2022-08-08 14:23国際

ペトロ新大統領が就任=初の左派政権、治安改善に期待―コロンビア

 【サンパウロ時事】南米コロンビアで7日、左翼ゲリラ出身で元ボゴタ市長のグスタボ・ペトロ新大統領(62)が就任した。任期は4年。中南米で米国と最も密接な関係を築いてきたコロンビアで、左派政権が誕生したのは初めてだ。
 ペトロ氏は就任演説で「国が二分されることを望んでいない。強く、公正で、団結したコロンビアにしたい」と強調。保守層や中道層に結束を呼び掛けた。

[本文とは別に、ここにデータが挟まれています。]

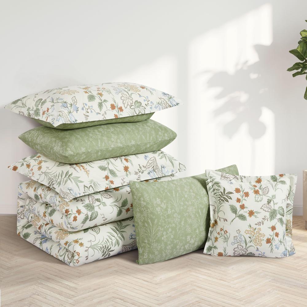 مفرش قطن صيفي مقاس كوين 8 قطع - نوفارين - سكري - اخضر
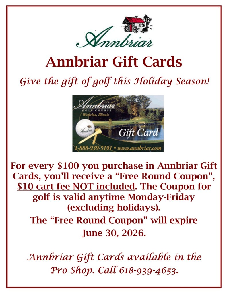 There is always a new reason to enjoy a day of golf and fun times with family and friends at Annbriar Golf Course. Golf is the ideal way to enjoy the outdoors and the company of others. Reserve your next tee time with Annbriar by contacting the Pro Shop: (618) 939-4653 or by clicking on our “TEE TIMES” tab to reserve your tee time online!
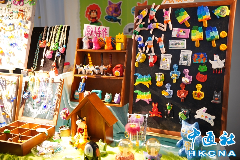 •   北京晴鬆藝術市集的攤位上,攤主正在售賣的原創手作工藝品。 香港中通社圖片
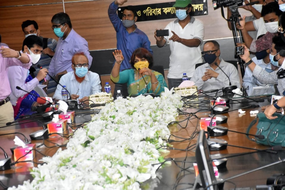 এর আগে স্বাস্থ্য মন্ত্রণালয়ের ডাকা সংবাদ সম্মেলন বর্জন করে বিএসআরএফ। বেলা ১১টা ২০ মিনিটে স্বাস্থ্য সেবা বিভাগের অতিরিক্ত সচিব ( বিশ্বস্বাস্থ্য অনুবিভাগ) কাজী জেবুন্নেছা বেগমের নেতৃত্বে মন্ত্রণালয়ের ৩ কর্মকর্তা সংবাদ সম্মেলন করতে আসেন। এসময় বাংলাদেশ সেক্রেটারিয়েট রিপোর্টার্স ফোরামের (বিএসআরএফ) সাধারণ সম্পাদক শামীম আহমেদ বলেন, রোজিনা ইসলামকে হেনস্তার প্রতিবাদে আমরা এ সংবাদ সম্মেলন বয়কট করলাম।
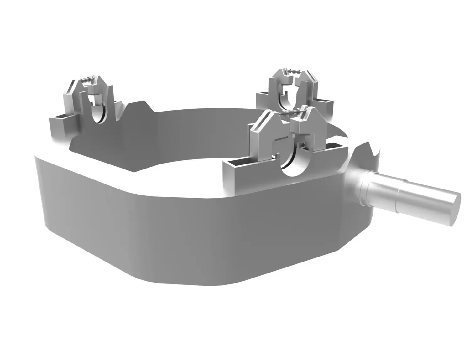 转炉炉壳通过三个夹紧元件固定在转炉托圈上。焊接在容器外壳上的支撑销栓安装在转炉托圈的支撑架上。
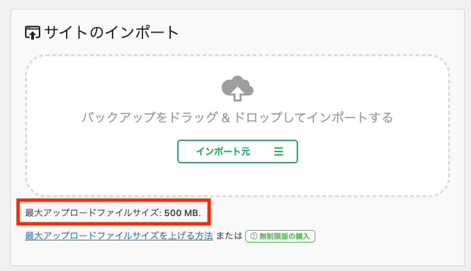 インポートするファイルが500MBを超える場合はphp.iniを修正して最大アップロードファイルサイズの上限を引き上げます。
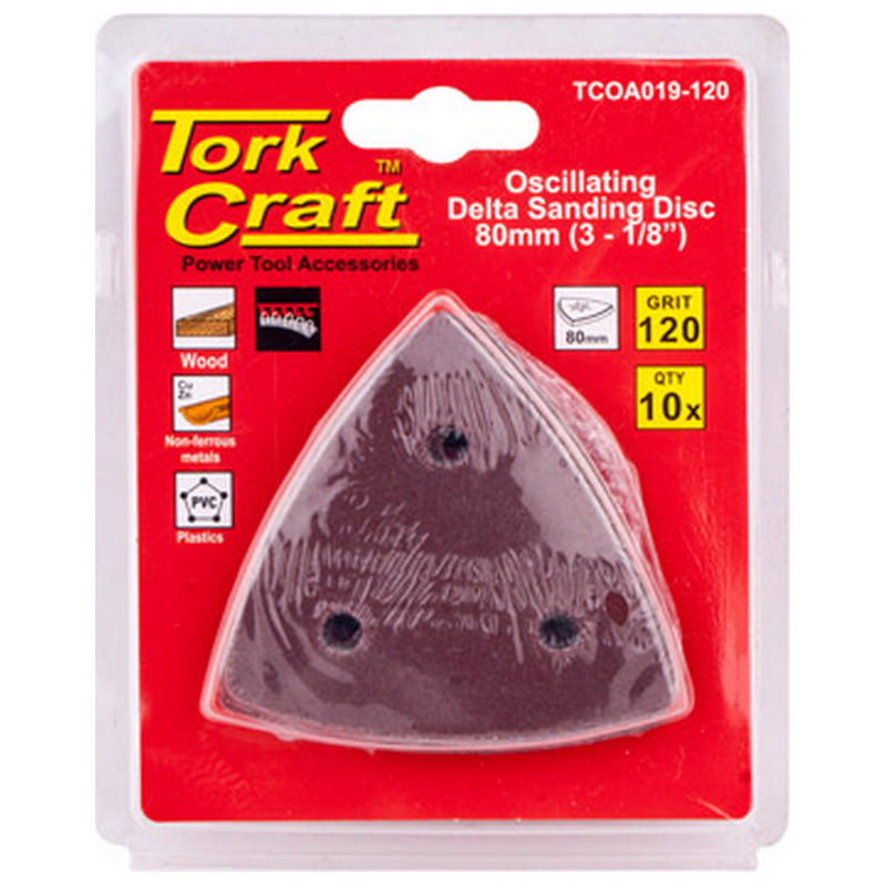 Tork Craft Oscilating Sandpaper A/O 80mm 10pc Delta Shape 120grit
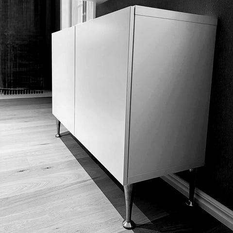 Egentligen ett väggmonterat rackskåp (15U) men har förstärkt botten med plywood och använt som skåp till 3d-skrivare.
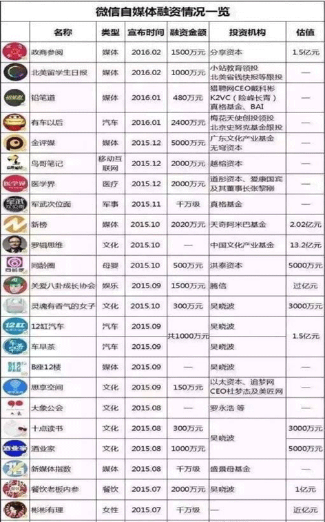 很多人会问她是如何做到?为何短短一年间可以从默默无闻做到价值千万?那我们在看看其他的例子。公众号:十点读书,A轮融资500万,估值3000万,只有25万精准粉丝;公众号:玩车教授,运营三个月后,粉丝达到10万,不仅签下第一笔10万元的广告,还拿到1500万的天使投资,B轮融资估计达到6个亿。而这些只是冰山一角。
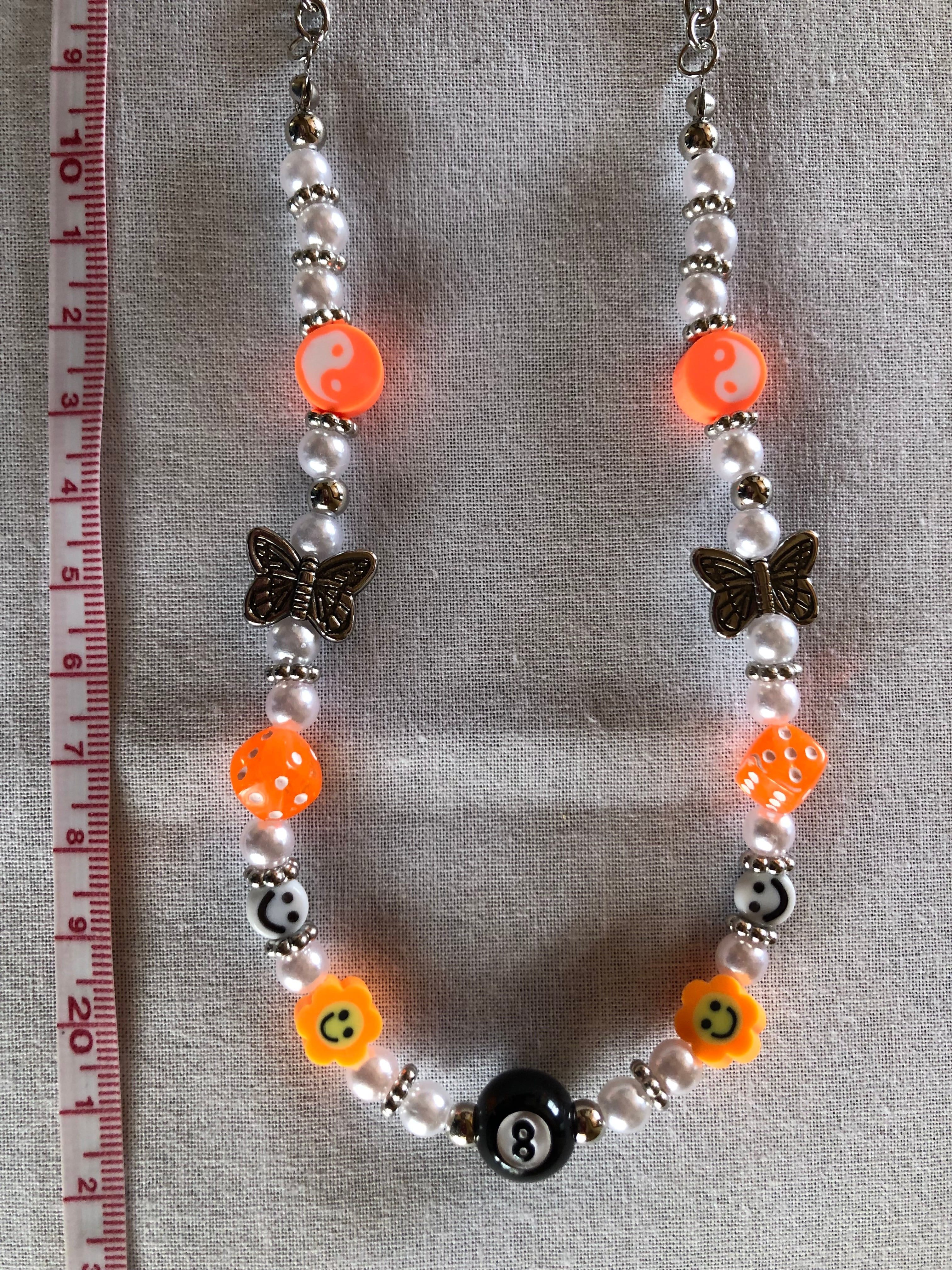 人気の陰陽パーツ、スマイルパーツ、サイコロパーツ、8番玉ビーズを組み合わせ、ロングチェーンで仕上げました☆彡

 コロンビアは世界最大のコカイン産地。2016年に当時最大の左翼ゲリラ「コロンビア革命軍」(FARC)と政府が和平合意に達し、半世紀にわたる内戦が終結した後も、治安機関と麻薬密売組織やFARC残党、別の左翼ゲリラ「民族解放軍」(ELN)との小規模な戦闘が散発している。
 ペトロ氏は「武装勢力には武器を置くよう求める。和平、暴力放棄の見返りとして、法的な恩恵を与える」と呼び掛けた。さらに、米国と共同で取り組んできた麻薬対策について「麻薬戦争は失敗に終わった」と断じ、米政府と距離を置く姿勢を示した。